The Appellate court ruled that the defendant had not shown the impeaching evidence was material within the meaning of Brady and that they had suffered no prejudice. And that the defense had not established there was a reasonable probability the result would’ve been more favorable to him had the impeachment evidence been timely disclosed.
The court also said that the jury was aware that the snitch/eyewitness was in custody on a parole violation when he first started discussions with the detectives. In addition, the jury also knew that in previous interviews the witness had not come forward with the information until he was in custody. The jurors also knew that the witness had subsequently provided reliable information to two detectives and there was evidence that the witness had not been charged with any new cases upon violating his parole.
They did make note in their ruling that in Brady v. Maryland the Supreme Court had held the suppression by the prosecution of evidence favorable to an accused upon request violates due process. And that the petitioner contends a prosecutor violated Brady when they did not timely inform them that the witness has given police information in other cases.
The court of appeal found that respondent did not dispute the first two components: that favorable evidence and suppression were met in this case, however the California Court of Appeal rejected petitioners Brady claim because the evidence in question was not material.
That is a quick summary of a couple of cases that are similar to what we are seeing in this Frank Carson et al. preliminary hearing and just for a little reference I will share both cases that I quoted from. There is another case I am currently reviewing but cannot give specifics on at this point.
As you read this rather long post you probably realize that there’s some similarities in the type of witnesses used in the activities that went on with those witnesses. Namely testimony from Patrick Hampton, Ronald Cooper, and of course Robert Woody, among others.
The bottom line is there are many remedies available to the Judge. They do include dismissal of the charges with prejudice, financial penalties which can be paid to the defense, or the new evidence cannot be used against the defendants but can be used by defense in favor of the defendants.

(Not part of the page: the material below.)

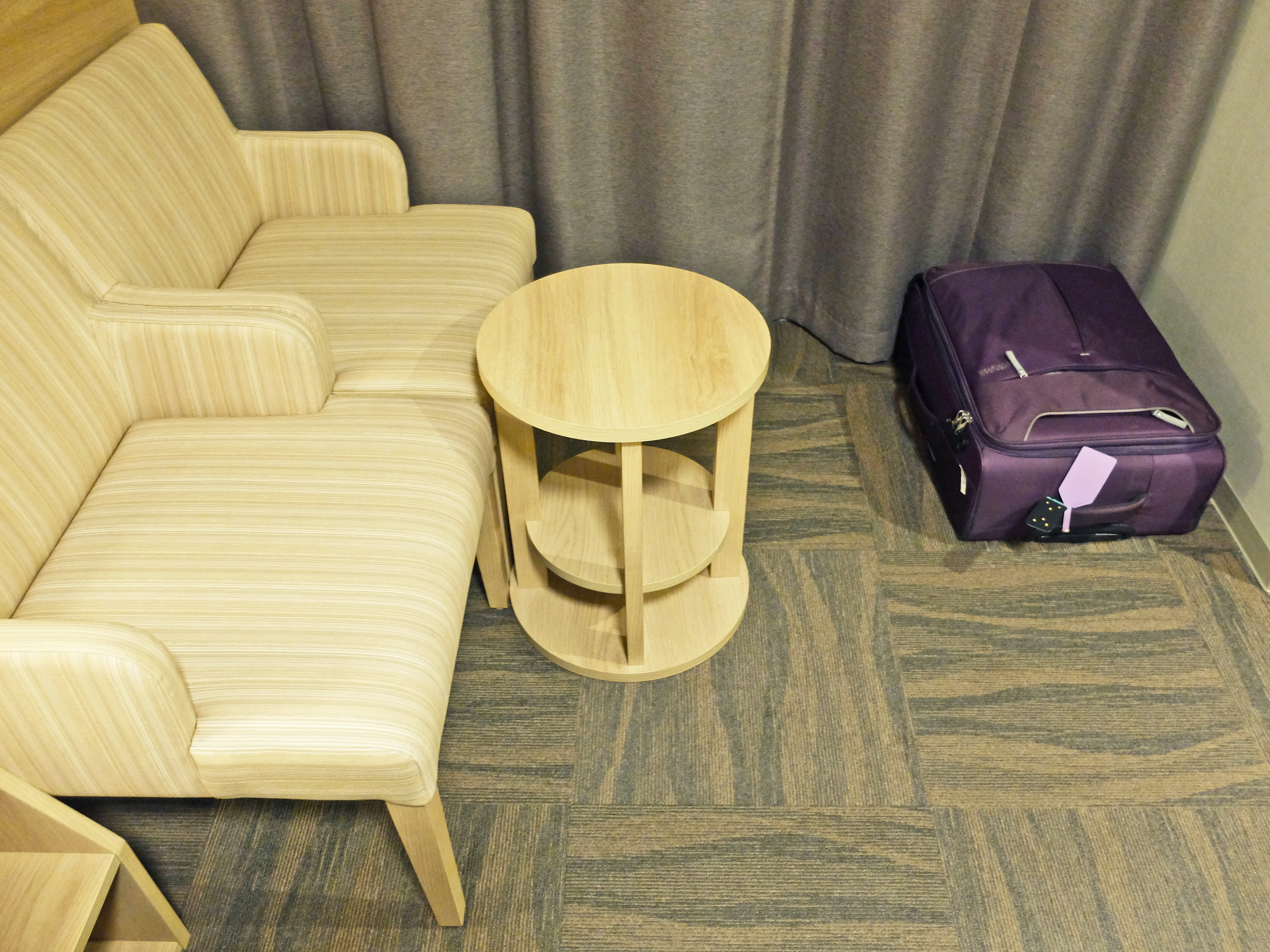 雙床房(Twin Room)兩張椅子及小圓枱的起居空間

It also appears that Birgit Fladagar does not seem to be too concerned about this case as she is not shown up in this courtroom during the entire 15 months of the preliminary hearing. Especially after the judge took her to task for not doing that with the discovery issues in her office.
Some of you may be wondering why there was no noon time report today.
I left the house to go to court at the usual time and stopped at the store and came out and my truck would not start. It is expected I guess, after all it is a FORD.
Trying everything I could to get it started with my vast limited knowledge finally calling AAA and he got his trusty ballpein hammer and banged on the starter then told me to turn it over, the truck promptly started up.
Pretty conclusive evidence of a bad starter, and I’m not going to get stuck somewhere else in the worse situation than where I was at so I took the truck straight to some good people that help me out kind of taking care of a whole lot quicker than I expected.
I appreciate what was done by the crew at Dizney and Wise, and their prompt attention to get it fairly quickly. Any other shop they went to been done probably until tomorrow.
When some people make promises only some of those people fulfill those promises, Micah Dizney fulfill that promise today to me and I appreciate it.